Your instructions:
Leave out the images and repeat every entry below exactly.
Content starts
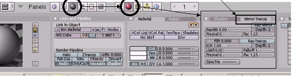 Inicia blender, selecciona el cubo por defecto, y presiona F5 (Shading) o presiona esa bolita roja y al lado de \"shader\" encuentras el boton mirror transp (presonalo para ver sus propiedades).
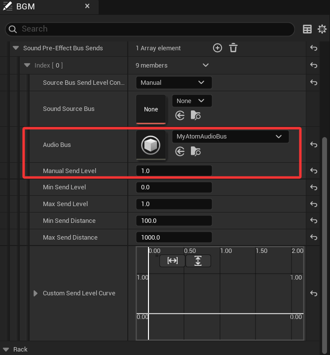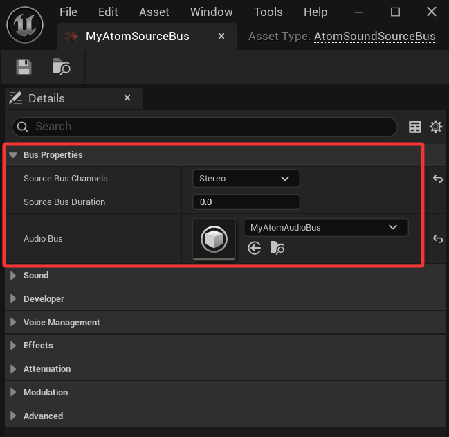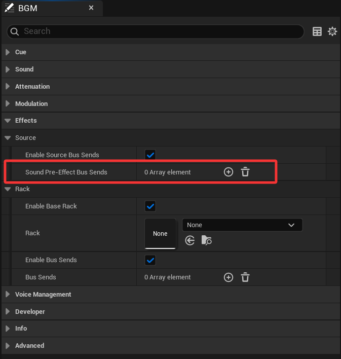 在源资产(Atom Sound Wave、Atom Sound Cue等)的“详细信息”面板中,您可以配置发送音频的音频总线。在“效果”>“源”下,单击“前置EffectBus发送”的“添加”(+) 按钮,以添加在之前或之后发生的可选源效果链。 (后期EffectBus发送在ADX上尚不可用。)
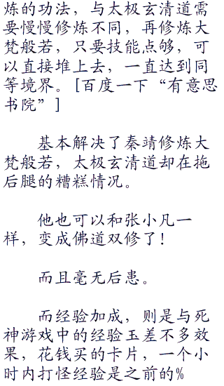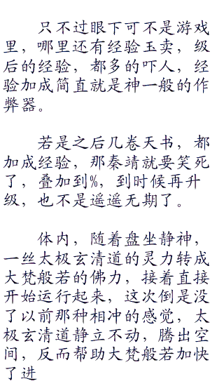 没有比拥有佛道功法的自己,现在更需要这第一卷了,天书五卷中,第一卷是基础,也是佛道融合的法门,没有这一卷,后面修炼绝对难上加难,秦靖一直没能练成大梵般若,绝对是有原因的。
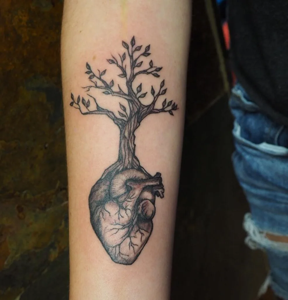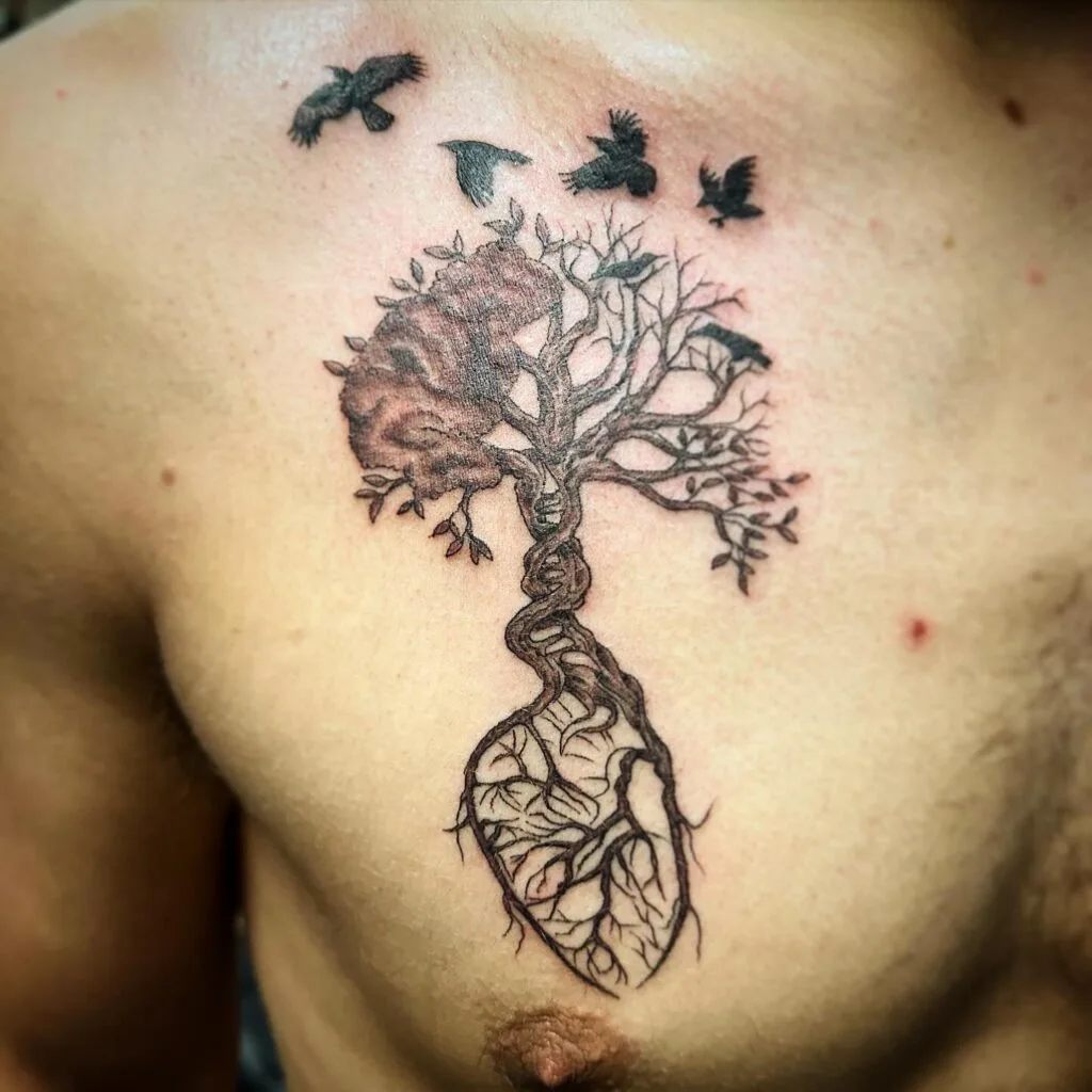 This tattoo beautifully merges the imagery of a human heart and a tree, symbolizing the deep connection between life, love, and growth. The roots extend from the heart, creating a visual metaphor for inner strength and grounding, while the branches reach upward toward freedom and possibility. Above the tree, birds in flight enhance the symbolism of liberation and transcendence.
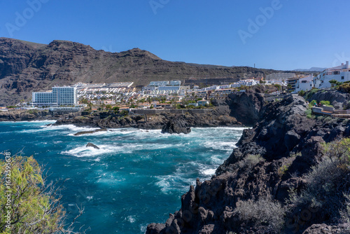 © pilar, Obraz premium View of Los Gigantes Tourist City in Tenerife, Canary Islands, Surrounded by Ocean, Rocky Cliffs, and Vacation Architecture under the Bright Summer Sky
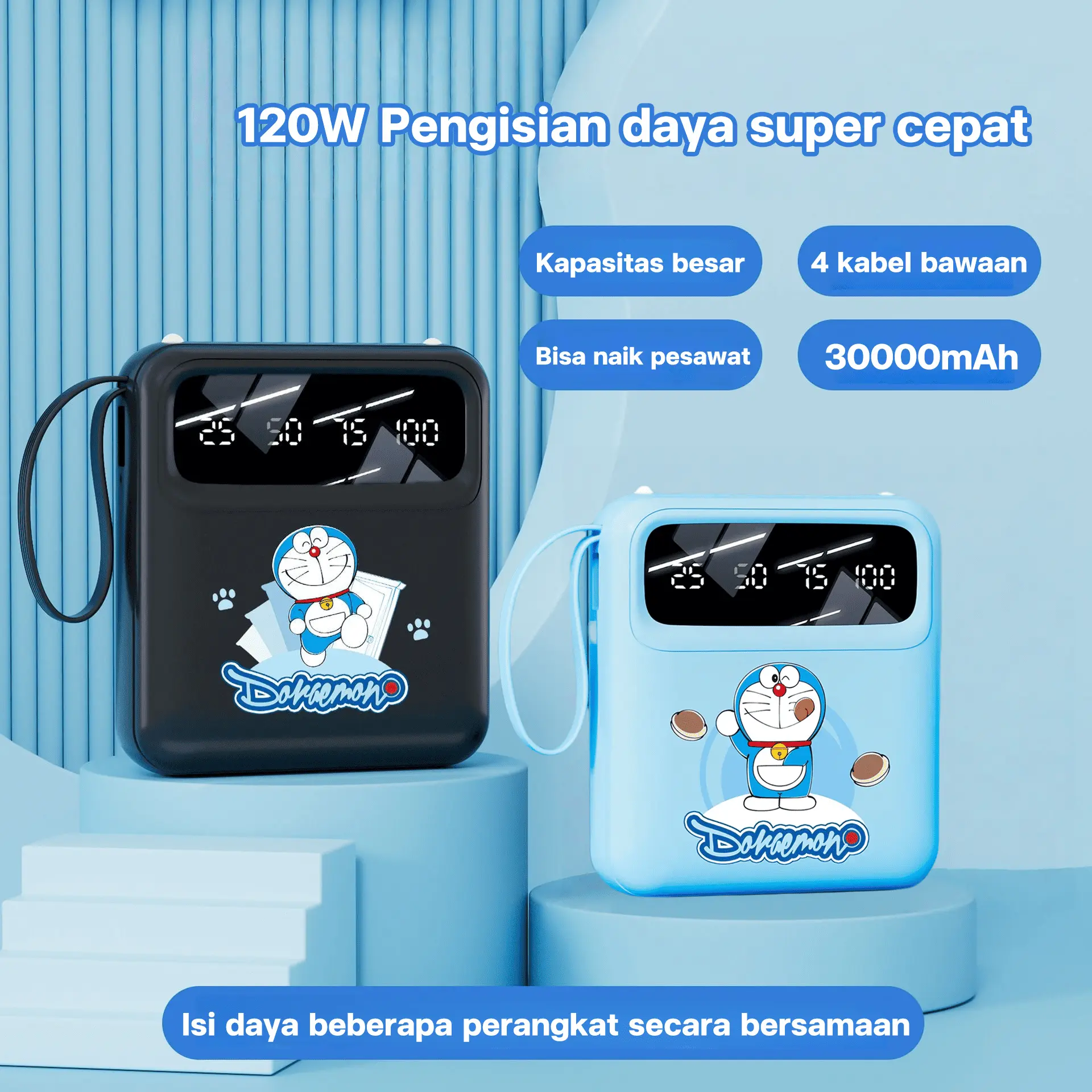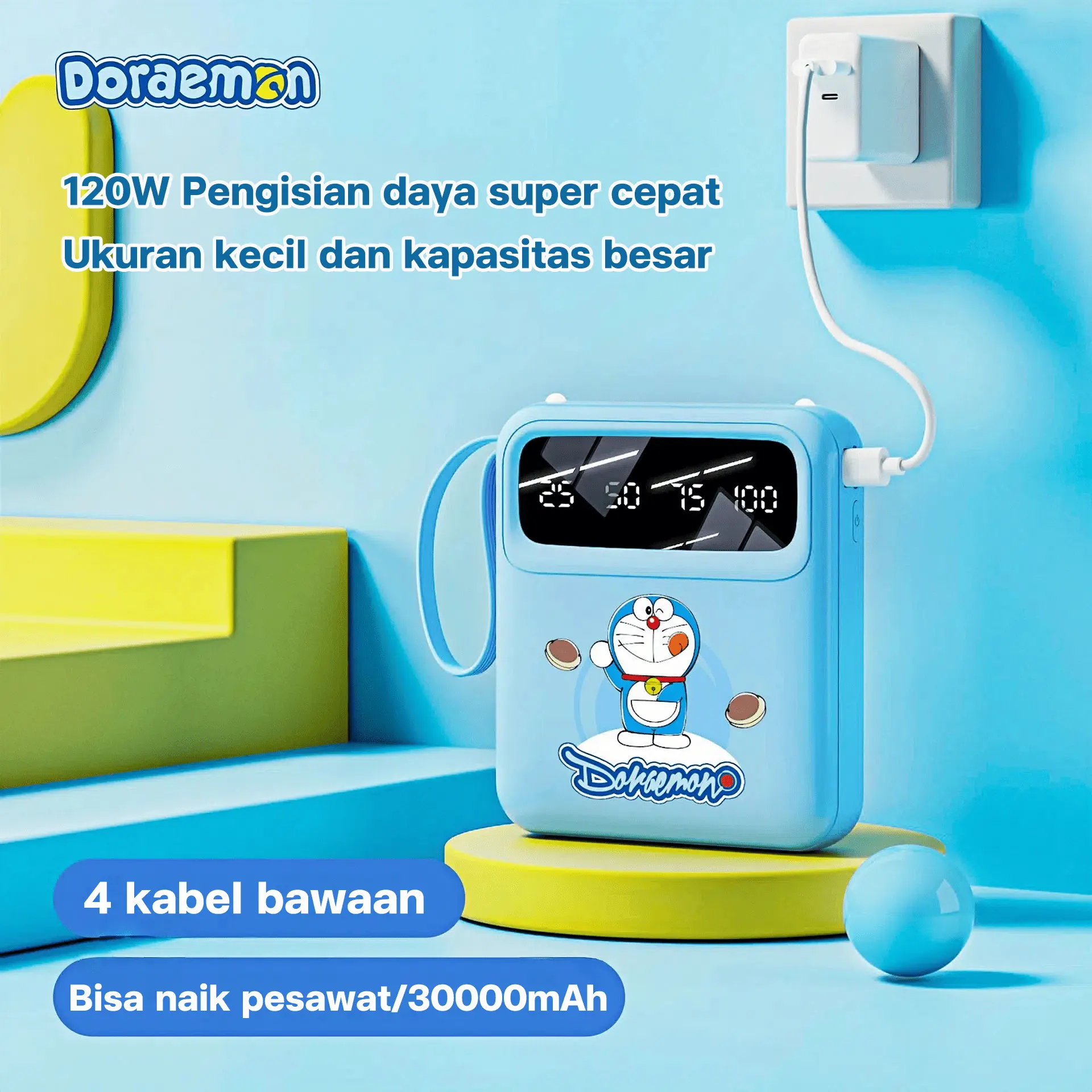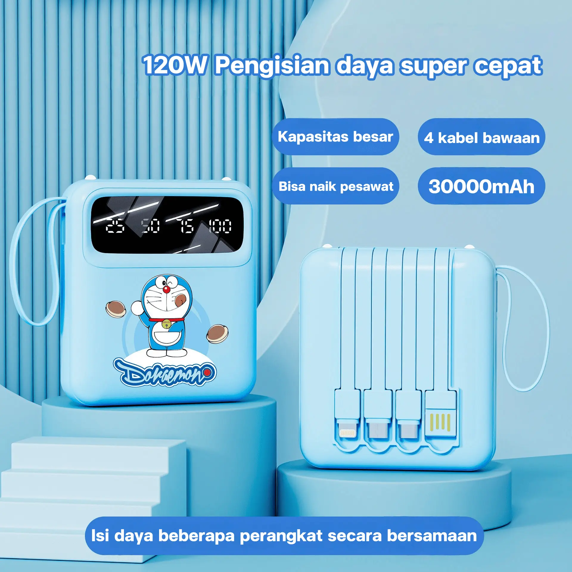 Doraemon 120W Powerbank Ponsel 30000mAh motif Kartun 4 Kabel Bawaan Kapasitas Besar Ultra Tipis & Portabilitas Kompak
Content ends
Finished exercise:
 Inicia blender, selecciona el cubo por defecto, y presiona F5 (Shading) o presiona esa bolita roja y al lado de \"shader\" encuentras el boton mirror transp (presonalo para ver sus propiedades).
 在源资产(Atom Sound Wave、Atom Sound Cue等)的“详细信息”面板中,您可以配置发送音频的音频总线。在“效果”>“源”下,单击“前置EffectBus发送”的“添加”(+) 按钮,以添加在之前或之后发生的可选源效果链。 (后期EffectBus发送在ADX上尚不可用。)
 没有比拥有佛道功法的自己,现在更需要这第一卷了,天书五卷中,第一卷是基础,也是佛道融合的法门,没有这一卷,后面修炼绝对难上加难,秦靖一直没能练成大梵般若,绝对是有原因的。
 This tattoo beautifully merges the imagery of a human heart and a tree, symbolizing the deep connection between life, love, and growth. The roots extend from the heart, creating a visual metaphor for inner strength and grounding, while the branches reach upward toward freedom and possibility. Above the tree, birds in flight enhance the symbolism of liberation and transcendence.
 © pilar, Obraz premium View of Los Gigantes Tourist City in Tenerife, Canary Islands, Surrounded by Ocean, Rocky Cliffs, and Vacation Architecture under the Bright Summer Sky
 Doraemon 120W Powerbank Ponsel 30000mAh motif Kartun 4 Kabel Bawaan Kapasitas Besar Ultra Tipis & Portabilitas Kompak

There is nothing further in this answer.